▶ _Supplied material_

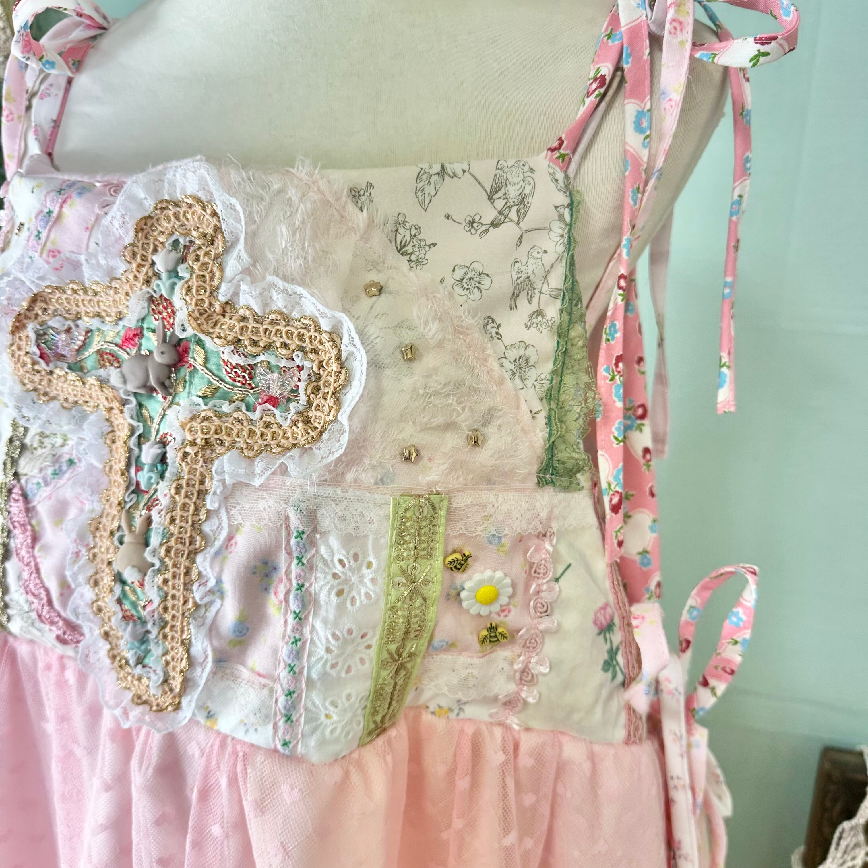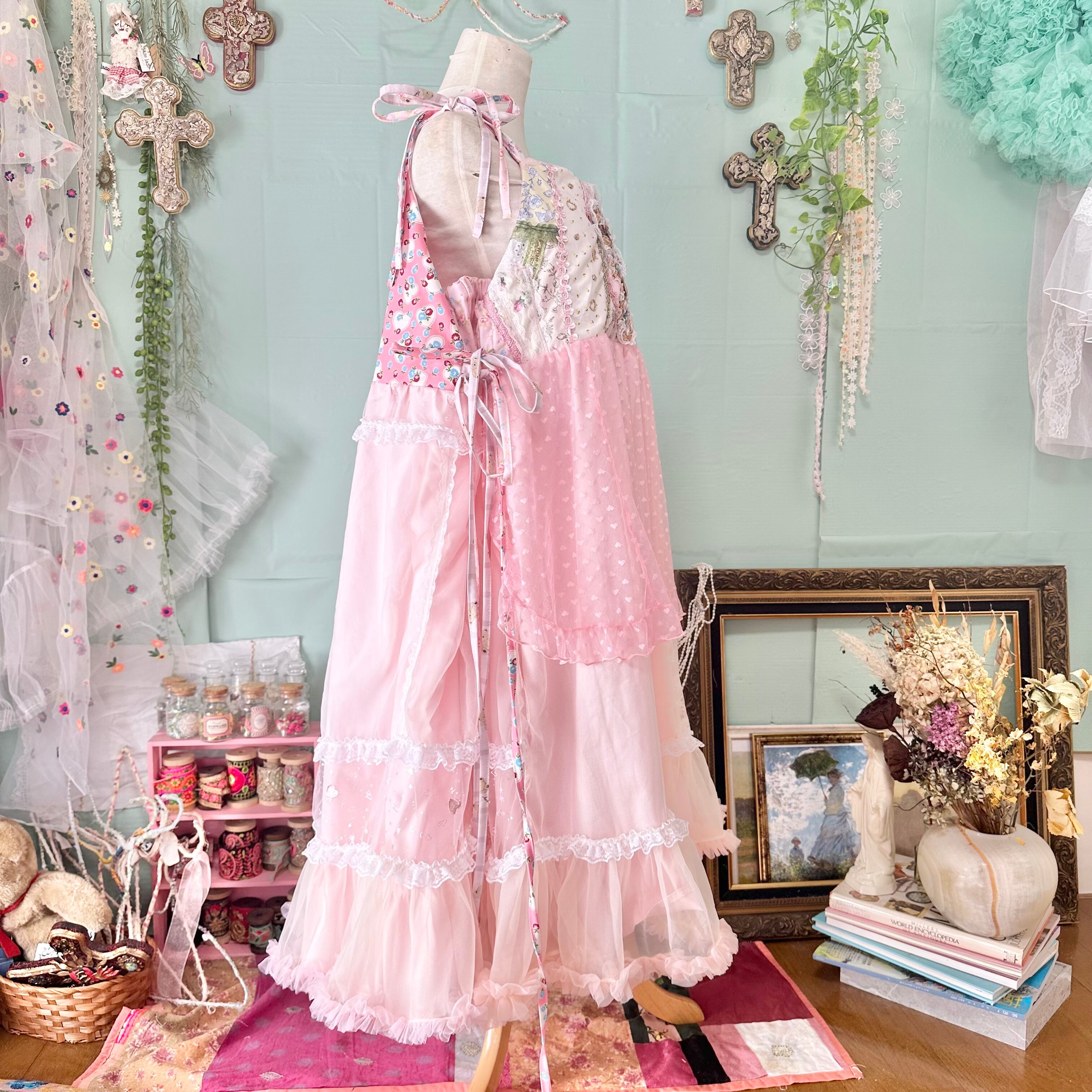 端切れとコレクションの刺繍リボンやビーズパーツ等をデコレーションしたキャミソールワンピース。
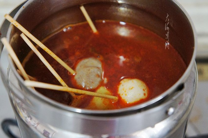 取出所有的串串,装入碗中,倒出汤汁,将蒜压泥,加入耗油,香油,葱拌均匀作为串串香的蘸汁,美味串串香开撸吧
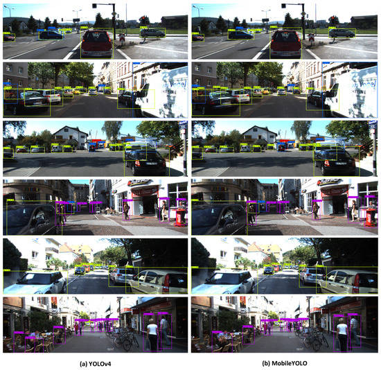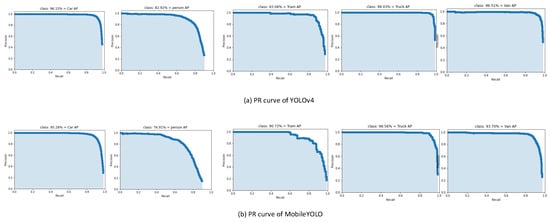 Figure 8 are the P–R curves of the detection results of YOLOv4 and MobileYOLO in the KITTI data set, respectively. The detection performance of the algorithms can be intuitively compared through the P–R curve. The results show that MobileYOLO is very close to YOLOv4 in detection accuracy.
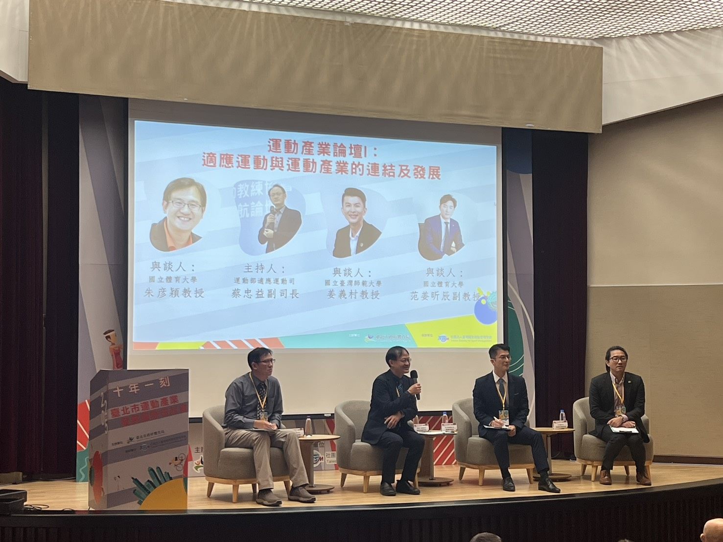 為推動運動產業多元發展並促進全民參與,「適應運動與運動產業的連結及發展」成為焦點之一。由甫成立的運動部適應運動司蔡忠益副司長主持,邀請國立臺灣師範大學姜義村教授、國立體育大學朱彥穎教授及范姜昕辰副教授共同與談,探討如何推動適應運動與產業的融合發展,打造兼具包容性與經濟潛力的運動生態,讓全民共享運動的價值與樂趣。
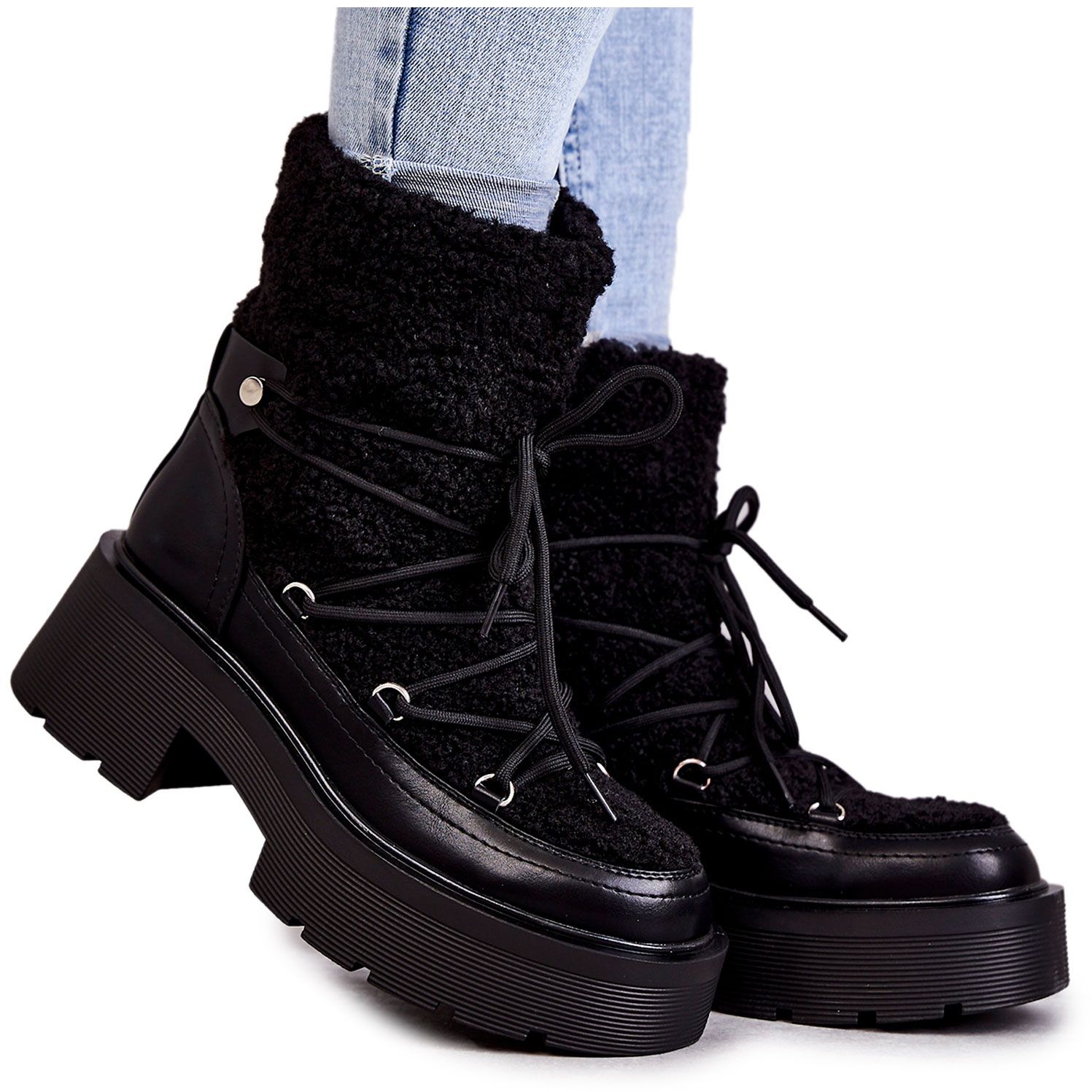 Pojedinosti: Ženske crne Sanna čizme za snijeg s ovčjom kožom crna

▶ _What you will do_
"為推動運動產業多元發展並促進" marks the first line to be returned; return exactly that line and every line after it through the last line of the listing, omitting pictures.

▶ _Response to this exercise_
 為推動運動產業多元發展並促進全民參與,「適應運動與運動產業的連結及發展」成為焦點之一。由甫成立的運動部適應運動司蔡忠益副司長主持,邀請國立臺灣師範大學姜義村教授、國立體育大學朱彥穎教授及范姜昕辰副教授共同與談,探討如何推動適應運動與產業的融合發展,打造兼具包容性與經濟潛力的運動生態,讓全民共享運動的價值與樂趣。
 Pojedinosti: Ženske crne Sanna čizme za snijeg s ovčjom kožom crna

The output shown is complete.